7:10 p.m.: I call out to Steve that I’m leaving and will see him next Saturday when he meets me in D.C. for the White House Correspondents’ Dinner. Kiss Shelby goodbye and remind her that I’ll see her Wednesday when she comes up to D.C. to spend two days with her friend and friend’s grandparents. She will fly as an unaccompanied minor. Out the door to head to the airport for my flight at 8:13 p.m.; airport is a half-hour ride.

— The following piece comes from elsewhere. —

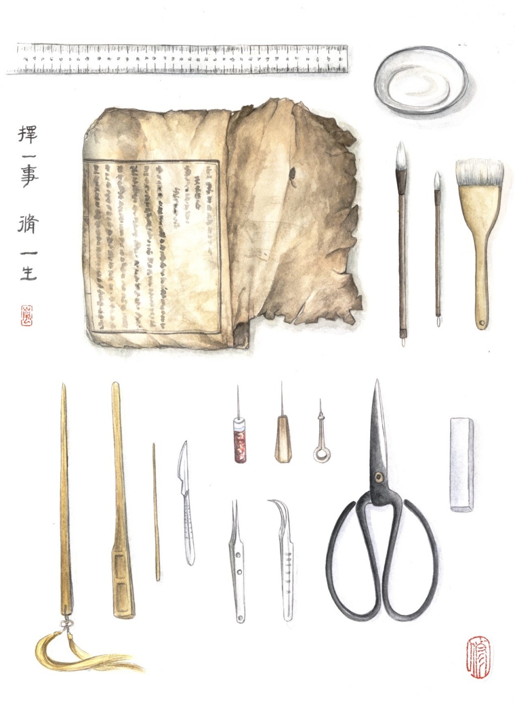 修書的技法由一整套工序組成,除補書頁之外還有洗書、裝訂等繁簡不一的步驟,我擔(dān)心自己把修書體驗一不小心寫成操作手冊,故而根據(jù)文獻背后的歷史穿插講述了一些文化典故,以求增加可讀性。書中大量插圖是我親手繪制的,繪畫的過程就像是把喜歡的事物在心里又強調(diào)了一遍,從而讓這份喜愛變得更加堅定,也讓文字看起來不那么乏味。不過修書匠的水平有限,書中內(nèi)容尚有不足。不久前,向南京大學(xué)古籍修復(fù)專家邱曉剛老師請教,才知道因南方潮濕多雨,糨糊在調(diào)制、保存方面和干燥寒冷的北方有些許區(qū)別,長居北方的我雖修書十余年,專業(yè)方面仍有孤陋寡聞之處,手藝這一行當(dāng)永遠學(xué)無止境。寫作此書,僅為傳達古籍修復(fù)的常識性知識,展示一點古籍修復(fù)工作的真實情況,解答大眾普遍問題,望借此引起讀者朋友們對于中華古籍文獻保護的關(guān)注和興趣。

On Monday, our house cleaner will come and spend the entire day cleaning the house and doing all the laundry, including putting it away. While we certainly recognize that this is a luxury, we decided it was worth budgeting for. Laundry became a stress point for us. When I ran for Congress and gave birth to Shelby, our third child, I knew that there was no way I could come home from D.C. every week and spend the entire weekend sorting laundry, washing laundry, folding laundry and putting away laundry while arguing about how much of it Steve and the kids could have done while I was away. Steve resisted at first, but it was one of the best decisions I ever made, because it gave me some of my most precious commodity: time.
During the week, Steve handles almost all driving of kids to sports (all three play on a travel team), ballet, math tutor, etc. My parents live five minutes from us in our hometown, and they help drive the kids when needed and can pick them up from school most of the time if one of the kids is sick and Steve can’t leave work. I handle the kids’ school needs, monitoring assignments and what they need for projects, etc. I do a lot of this remotely, and have throughout the years, by telephone, fax and iPad. Project supply purchases are done on the weekends when I get home. I am also the parent who communicates with their teachers when necessary, helps them choose their courses, etc. Steve’s brother and sister-in-law live 15 minutes from us and can sometimes help when we need another adult pair of hands when I’m out of town.
I won’t be home again until next Sunday.